Step 1 — error model. By Theorem 4.1 the error of a Simpson estimate of step h scales as h^4 with the same f''''(ξ) to leading order (assuming f'''' roughly constant over this small panel). The single estimate uses step H/2; the bisected estimate uses step H/4, i.e. step halved. Hence:

I − S  ≈ C·(H/2)^4  = 16 c,        where  c := C·(H/4)^4 = I − S2.
I − S2 ≈ C·(H/4)^4  = c.

So I − S ≈ 16(I − S2), i.e. the single estimate's error is about 16× the bisected estimate's error.

Step 2 — eliminate the unknown I. Subtract the two relations:

(I − S) − (I − S2) = S2 − S ≈ 16c − c = 15c = 15(I − S2).

Therefore the (unknown) error of the refined estimate is

I − S2 ≈ (S2 − S)/15.

This is the computable error estimate: the gap S2 − S is 15× the error of S2. This is precisely Richardson extrapolation specialized to Simpson's order-4 error.

Step 3 — the acceptance test. To guarantee |I − S2| ≤ ε it suffices that |(S2 − S)/15| ≤ ε, i.e.

|S2 − S| ≤ 15 ε.       (the adaptive criterion)

Step 4 — the corrected return value. Adding the estimated error back removes the leading term, yielding an O(H^6) estimate for free:

I ≈ S2 + (I − S2) ≈ S2 + (S2 − S)/15.

Step 5 — global error via tolerance splitting. When a panel fails the test, each half is recursed with tolerance ε/2. By induction, if every accepted leaf [a_i, b_i] satisfies |I_i − Ŝ_i| ≤ ε_i and Σ ε_i = ε (the halving keeps the sum invariant), then

|I − Σ Ŝ_i| ≤ Σ |I_i − Ŝ_i| ≤ Σ ε_i = ε,

so the total error is bounded by the global tolerance ε. (Some implementations split the interval ε proportional to width rather than halving; either keeps Σ ε_i = ε.) ∎

Caveat (the heuristic gap). Step 1 assumes f'''' is nearly constant across the panel — true once panels are small, but false on a coarse panel containing a sharp feature, where the estimate can both over- and under-state the true error. This is why robust implementations (Section: senior) add a depth cap and a minimum-panel guard: the (S2−S)/15 estimate is asymptotically exact but not a rigorous bound. The factor 15 = 2^4 − 1 is the fingerprint of the order-4 method; an adaptive trapezoid would use 2^2 − 1 = 3, and an adaptive Boole rule 2^6 − 1 = 63.

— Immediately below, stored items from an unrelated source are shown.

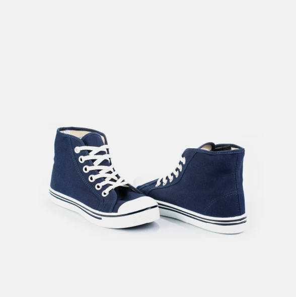 Tenis institucional en lona azul oscuro, diseño alto que ofrece resistencia, comodidad y practicidad para el uso diario.
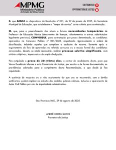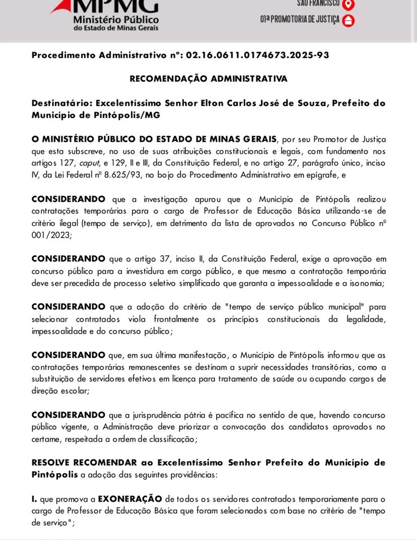 O Ministério Público de Minas Gerais (MPMG), por meio da 1ª Promotoria de Justiça de São Francisco, emitiu uma Recomendação Administrativa ao prefeito de Pintópolis, Elton Carlos José de Souza, solicitando a exoneração imediata de servidores contratados temporariamente para o cargo de Professor de Educação Básica, selecionados com base no tempo de serviço, critério considerado ilegal pela instituição.
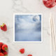 Des serviettes en papier avec un ciel magique d'imaginaire avec des nuages bleus et une grande belle lune. 2 cygnes blancs qui volent ensemble.

9. Gaussian Quadrature: Optimality¶

Theorem 9.1 (Gauss optimality). Among all n-node quadrature rules on [-1,1], the rule whose nodes are the roots of the degree-n Legendre polynomial P_n and whose weights are w_i = 2/((1−x_i^2) P_n'(x_i)^2) has degree of precision 2n − 1, and no n-node rule achieves degree 2n.

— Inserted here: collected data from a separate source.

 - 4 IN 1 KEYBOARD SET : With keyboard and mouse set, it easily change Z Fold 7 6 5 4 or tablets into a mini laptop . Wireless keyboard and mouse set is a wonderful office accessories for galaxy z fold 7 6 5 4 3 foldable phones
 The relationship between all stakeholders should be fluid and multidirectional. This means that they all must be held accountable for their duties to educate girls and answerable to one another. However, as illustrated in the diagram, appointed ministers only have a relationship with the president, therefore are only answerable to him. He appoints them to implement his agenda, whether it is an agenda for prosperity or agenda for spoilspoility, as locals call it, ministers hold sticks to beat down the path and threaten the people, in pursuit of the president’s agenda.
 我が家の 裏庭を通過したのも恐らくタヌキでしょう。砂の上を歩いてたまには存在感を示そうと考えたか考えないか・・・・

Proof of degree 2n−1. Let q be any polynomial of degree ≤ 2n−1. Divide by P_n: q = P_n·s + r with deg s, deg r ≤ n−1. Then ∫ q = ∫ P_n s + ∫ r. Since deg s ≤ n−1, orthogonality of Legendre polynomials gives ∫_{-1}^1 P_n(x) s(x) dx = 0. At the nodes P_n(x_i) = 0, so q(x_i) = r(x_i). The rule with these weights integrates degree-≤ n−1 polynomials exactly (it is interpolatory on n nodes), so Q[q] = Q[r] = I[r] = I[q]. Hence exactness through degree 2n−1.

Proof that 2n is impossible. Consider p(x) = Π_i (x − x_i)^2, degree 2n, non-negative and not identically zero, so I[p] > 0. But p(x_i) = 0 for every node, so Q[p] = 0 ≠ I[p]. No n-node rule can exceed degree 2n−1. ∎

Consequence vs Simpson. Simpson is a 3-node rule of degree 3; Gauss with 3 nodes reaches degree 5 — 2n−1 versus the Newton–Cotes n (or n+1 with the symmetry bonus). For smooth integrands and a fixed evaluation budget, Gauss is strictly superior in worst-case polynomial exactness, which is why production libraries build on Gauss–Kronrod rather than Newton–Cotes.

9b. Worked Derivations and Numerical Verifications¶

The theory above is best anchored with explicit numbers. This section works three computations by hand so each abstract theorem becomes checkable.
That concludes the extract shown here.